This bridge is a traditionally composed example of a 1910s riveted through truss bridge for use in a rural location. The bridge has details such as riveted built-up beams with v-lacing and a-frame portal bracing. This bridge has an unusual construction history. Construction was first planned in 1916. First, the county had rejected a low bid for a Lutent patent concrete arch bridge. While this is merely speculation, the reason for this rejection may have been due to the complicated story that played out at the Pugh Ford Bridge in the same county a few years prior. However, their decision to hire Caldwell and Drake Iron Works of Columbus, Indiana to built a metal truss bridge did not work out very well either, since that company apparently was not getting the work done on time. As such, they hired Herman S. Fox of Brookville, Ohio to complete the bridge. The Historic Bridge Inventory research on this bridge suggested that Herman Fox had the Brookville Bridge Company complete the truss bridge, but using the plans created by Caldwell and Drake Iron Works.

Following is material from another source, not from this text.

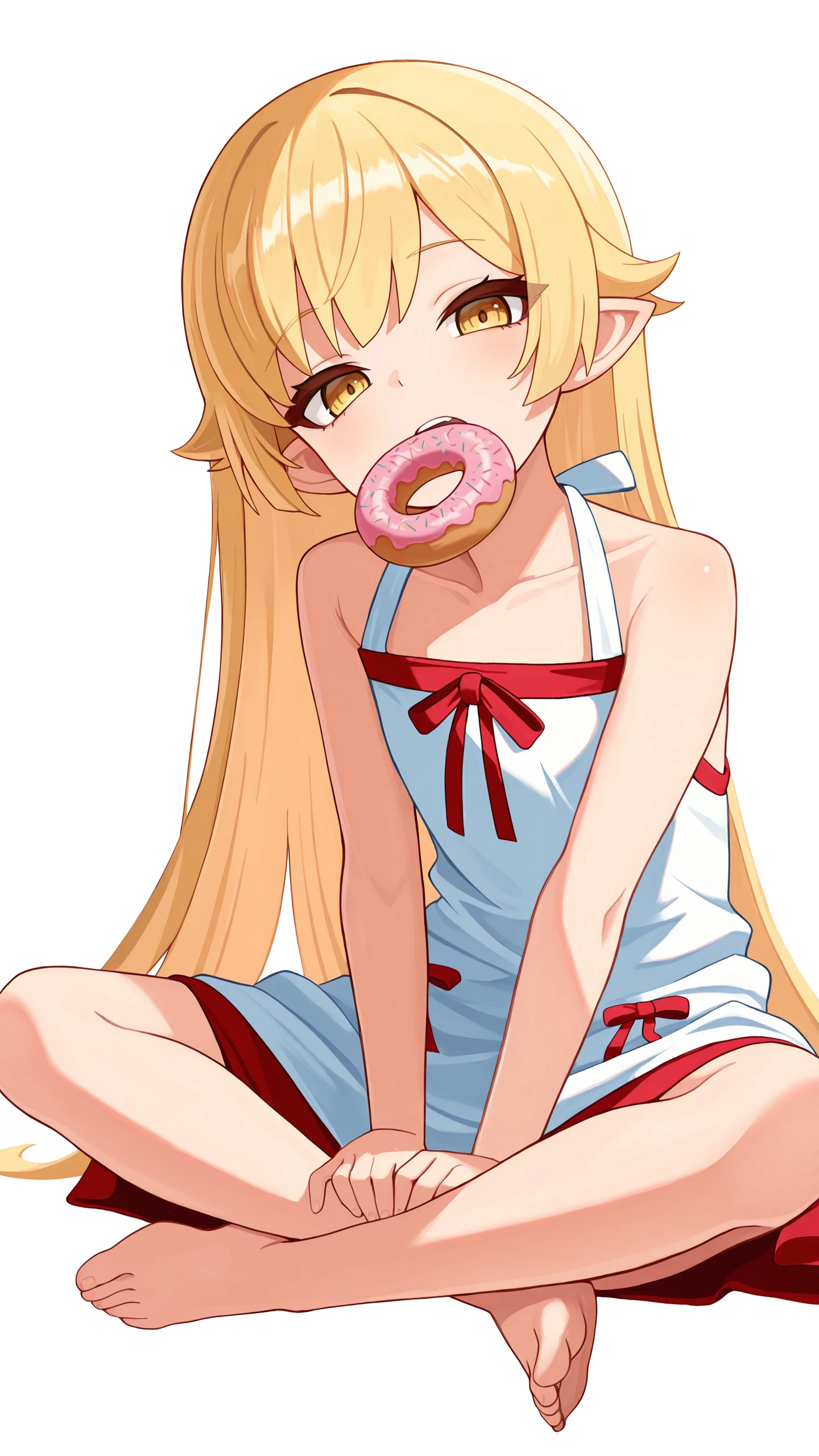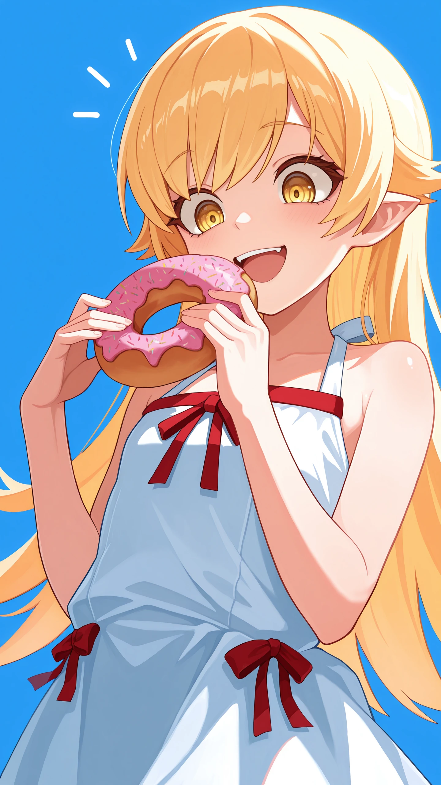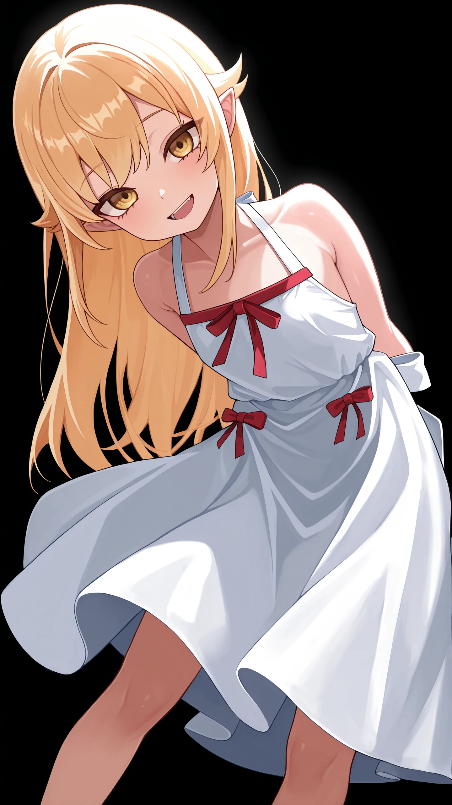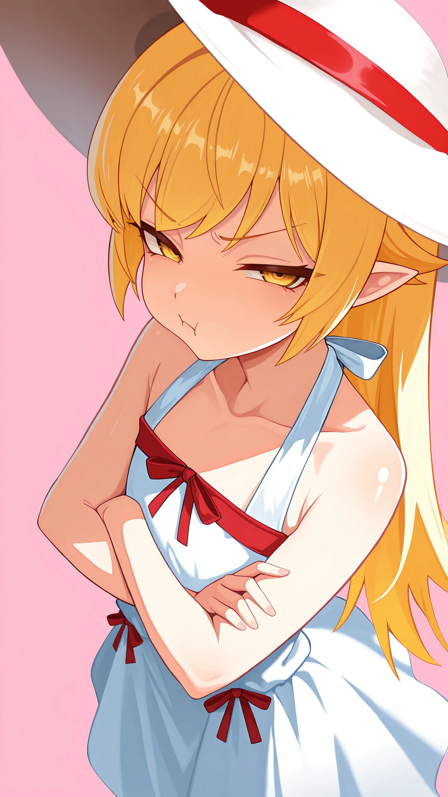 blonde hair, yellow eyes, pointy ears, k1ss-shot, large breastsBase (Shinobu)

Information and Findings From DHPA Historic Bridge Survey
Statement of Significance
Riveted Pratt through spans are not plentiful in Indiana, although Bartholomew County retains a number. The placement of the floor beams is also noteworthy. This heavy-duty bridge has its original members, including latticed guardrails.

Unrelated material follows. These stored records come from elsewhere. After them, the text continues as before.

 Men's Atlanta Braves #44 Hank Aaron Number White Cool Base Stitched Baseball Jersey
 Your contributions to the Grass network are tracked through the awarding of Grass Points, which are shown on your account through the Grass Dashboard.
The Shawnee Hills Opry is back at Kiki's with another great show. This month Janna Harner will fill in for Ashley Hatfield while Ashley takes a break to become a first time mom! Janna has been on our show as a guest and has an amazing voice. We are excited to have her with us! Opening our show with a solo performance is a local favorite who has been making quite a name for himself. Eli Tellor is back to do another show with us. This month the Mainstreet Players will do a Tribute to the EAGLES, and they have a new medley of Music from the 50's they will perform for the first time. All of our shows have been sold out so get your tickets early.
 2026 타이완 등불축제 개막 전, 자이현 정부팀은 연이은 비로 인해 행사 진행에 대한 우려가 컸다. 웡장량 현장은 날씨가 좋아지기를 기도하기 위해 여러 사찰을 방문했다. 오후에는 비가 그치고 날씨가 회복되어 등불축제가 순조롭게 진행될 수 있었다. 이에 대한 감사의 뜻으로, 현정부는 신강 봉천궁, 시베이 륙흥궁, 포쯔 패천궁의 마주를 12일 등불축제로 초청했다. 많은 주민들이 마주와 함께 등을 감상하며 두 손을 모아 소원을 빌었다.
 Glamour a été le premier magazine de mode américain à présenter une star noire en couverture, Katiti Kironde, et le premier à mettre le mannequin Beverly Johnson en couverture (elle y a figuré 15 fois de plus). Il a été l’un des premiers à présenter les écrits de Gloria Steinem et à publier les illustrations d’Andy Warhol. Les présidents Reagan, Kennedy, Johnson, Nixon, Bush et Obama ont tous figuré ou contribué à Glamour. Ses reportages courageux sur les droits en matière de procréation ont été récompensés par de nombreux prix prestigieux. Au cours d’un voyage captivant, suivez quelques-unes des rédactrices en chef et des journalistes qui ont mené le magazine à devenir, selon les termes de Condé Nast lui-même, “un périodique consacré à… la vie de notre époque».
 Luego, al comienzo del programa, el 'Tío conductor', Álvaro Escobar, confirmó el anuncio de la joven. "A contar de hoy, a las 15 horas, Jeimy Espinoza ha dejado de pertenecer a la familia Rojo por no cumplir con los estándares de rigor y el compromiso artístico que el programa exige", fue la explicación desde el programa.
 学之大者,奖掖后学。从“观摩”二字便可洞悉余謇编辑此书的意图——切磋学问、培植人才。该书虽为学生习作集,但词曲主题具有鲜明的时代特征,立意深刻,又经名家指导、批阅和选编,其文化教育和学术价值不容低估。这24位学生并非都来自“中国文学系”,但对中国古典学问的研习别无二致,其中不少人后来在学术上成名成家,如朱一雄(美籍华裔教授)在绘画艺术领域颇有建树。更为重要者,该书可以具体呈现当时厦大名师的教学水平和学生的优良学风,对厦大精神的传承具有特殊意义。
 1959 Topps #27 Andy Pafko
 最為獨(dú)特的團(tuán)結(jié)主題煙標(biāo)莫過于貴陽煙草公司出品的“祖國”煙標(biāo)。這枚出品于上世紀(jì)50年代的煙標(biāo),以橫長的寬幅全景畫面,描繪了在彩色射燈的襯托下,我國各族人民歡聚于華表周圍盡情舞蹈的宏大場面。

Seated upon concrete abutments and wingwalls, this single-span, riveted Pratt through structure extends 128' in eight panels. Two pairs of laced angles provide all the verticals, and a pair of heavy angles riveted together with battens supply the diagonals and counters. The sets of diagonals are countered in the two most central panels. The I floor beams are riveted to the verticals above the lower chord. The bridge carries a concrete deck with a 16'1" roadway and 15' of vertical clearance.

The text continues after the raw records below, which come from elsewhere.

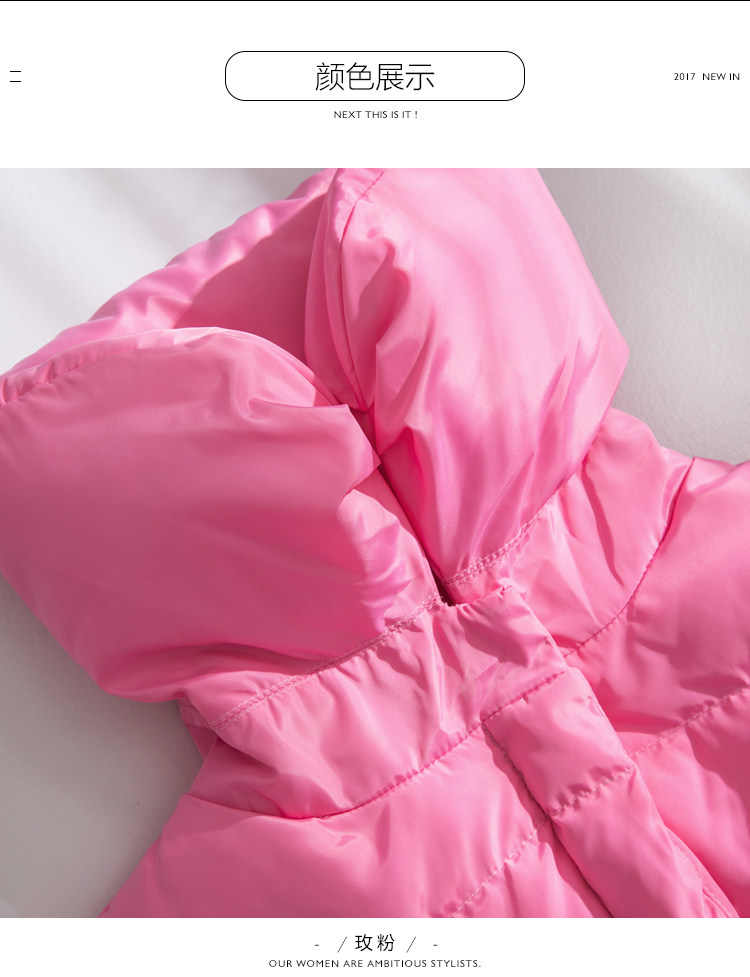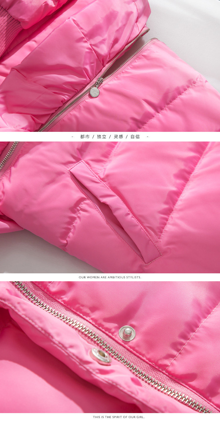 | 主 料:聚酯纤维(涂层除外)里 料:聚酯纤维胆 布:聚酯纤维填 充:白鸭绒(含绒量90%)鸭绒克重:S :163 g M :173g L :182g XL:192g颜 色:玫粉 |
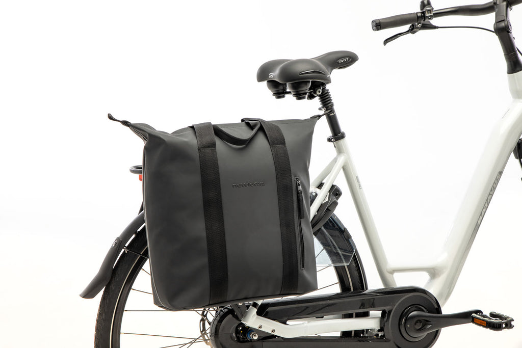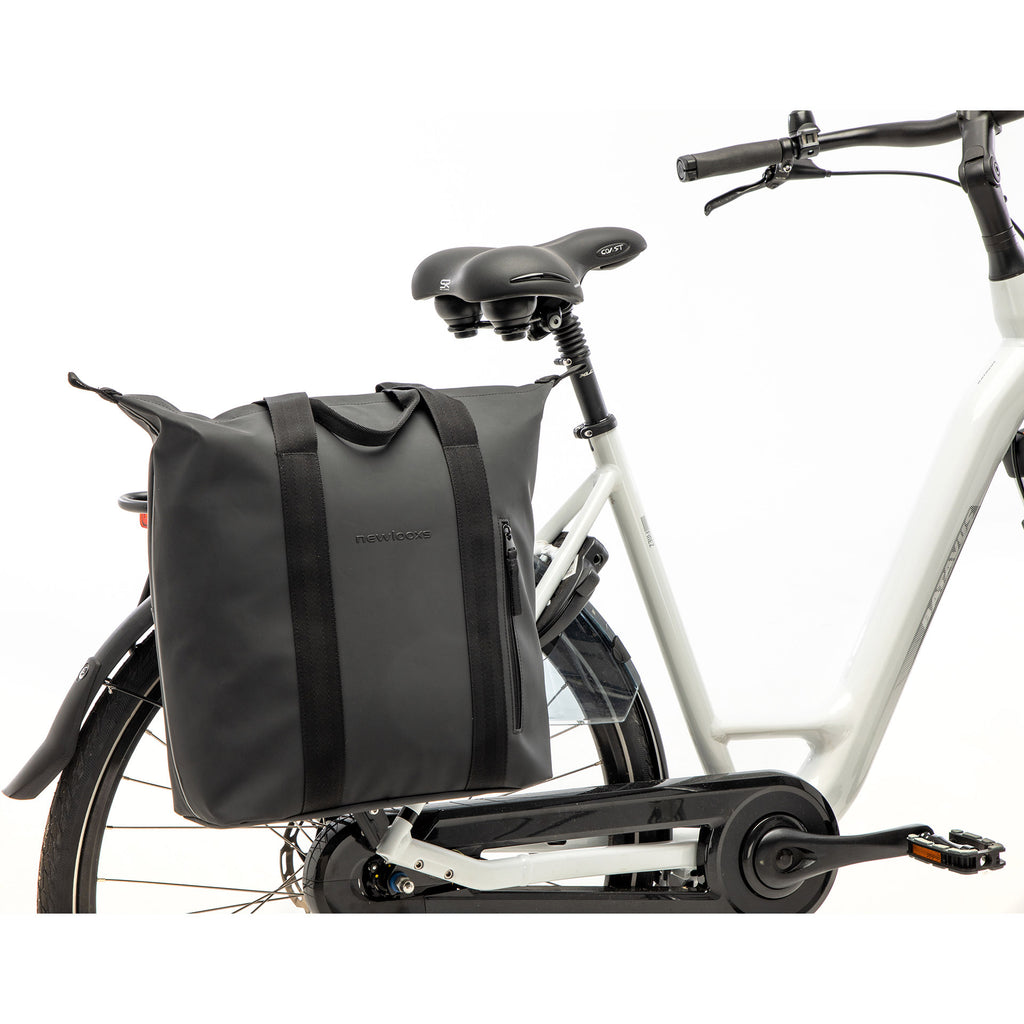 Deze ruime enkele zwarte fietstas met stoere looks is perfect voor boodschappen. Het ruime hoofdvak biedt voldoende ruimte om extra veel mee te nemen. De tas kan eenvoudig aan de bagagedrager worden bevestigd met behulp van de kunststof haken van New Looxs. Wanneer je de tas van de fiets haalt, kun je de haken afdekken met het ritsvakje, waardoor de tas eruitziet als een mooie moderne shopper. De tas heeft zowel voorop als binnenin een extra ritsvak, zodat je kleine items veilig kunt opbergen. Het hoofdvak kan ook worden afgesloten met een rits, waardoor je spullen goed beschermd zijn. Productspecificaties: - Kleur: zwart - Kleurnaam: black - Materiaal: polyester - Afmetingen: 45 x 18 x 36 cm - Montage: haken - Type tas: shopper - Inhoud: 24 liter
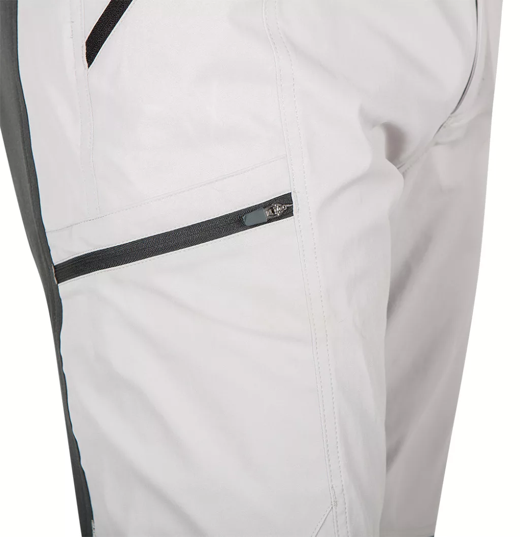 NEO Munkásnadrág, OUTDOOR, 4 irányú sztreccs anyag, 150g/m2, világos-sötét szürke. 4 way stretch anyagból készült nadrág, ,,cotton touch twill" szövéssel. Összetétele 100% poliészterből készült, gyorsan száradó, súlya 150 g/m2. A világosszürke színű NEO TOOLS nadrág a comb hátsó részén és a térdnél lévő sötétszürke betétekkel számos alkalomra praktikus választás. Elülső zsebekkel, tágas combzsebekkel és egy hátsó zsebbel a cipzáras zárólap alatt, amely tárolást biztosít a nélkülözhetetlen kiegészítőknek. Az oldalsó elasztikus derékpánt és a nyomógombokkal állítható lábszárkörfogat biztosítja a megfelelő alkalmazkodást az egyedi igényekhez. A profilozott térdek, a névtábla, a széles hurkok és a térdeken található logós címke a szakemberekkel, felhasználókkal folytatott megbeszélések és a kényelmes, többcélú munkaruházat gyártásában szerzett sokéves tapasztalat eredménye.
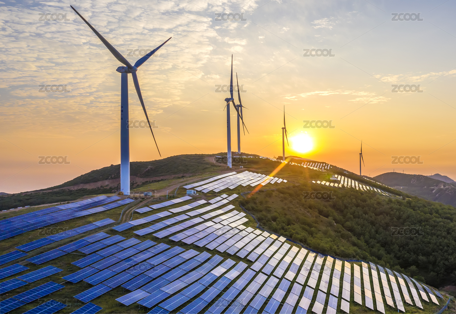 航拍中国河南禹州市具茨山上的风电光伏

Whether there was a predecessor to the Galbraith Bridge surveyed here remains unclear. However, the commissioners did contract in September 1895 to paint a bridge over Clifty north of Hartsville for $80. Surveyed Structure: When bids were received for the construction of the Galbraith Bridge over Clifty in Haw Creek township in July 1916, Noblett & Kaufman brought in the lowest proposal at $6,400 to build a Luten-design concrete-arch structure. "The commissioners said they did not want a concrete bridge at that place and so let it to a higher bidder who proposed to erect a steel bridge." Roger Lortz, who proposed to build to Caldwell & Drake Iron Works of Columbus design at $6,740, won the construction contract. Construction did not proceed as planned, although Lortz received a number of payments from the county in 1916 and into early 1917: $200 in September, $1,000 in October, $750 in November 1916; $150 in May 1917. In August 1917, the commissioners met with two of Lortz's bondsmen to discuss "why said Galbraith Bridge has not been completed." The board listened to the bondsmen's "excuses" and then demanded "that the said abutments be completed within ten days and that the said bridge as a whole be completed by the first of November 1917." The county did pay Caldwell & Drake $500 on the Galbraith Bridge in December 1917. The commissioners advertised in May 1919 a letting "for the completion of a steel bridge with a concrete floor in Hawcreek township to be known for completion purposes as the Galbraith Bridge" about 1.5 miles northeast of Hartsville. The board received two bids in early June and accepted the lowest, that made by Herman S. Fox of Brookville, Ohio, for $5,674. Fox received a number of payments from the county for the bridge: $3,200 in December, $800 in January 1920, $500 in May. Ed Stewart received payment in October ($374.40) and December 1920 ($334.60) for the "Galbraith Bridge approach" and "fill." The superstructure appears to have been built to Caldwell & Drake plans and was probably fabricated by the Brookville Bridge Company. Two pairs of laced angles provide all the verticals for the trusses, and a pair of heavy angles riveted together with battens supply the diagonals and counters. The sets of diagonals are countered in the two most central panels. The bridge maintains 15 feet of vehicular clearance above the roadway. The I floor-beams are riveted to the verticals above the lower chord. The bridge carries a concrete roadway.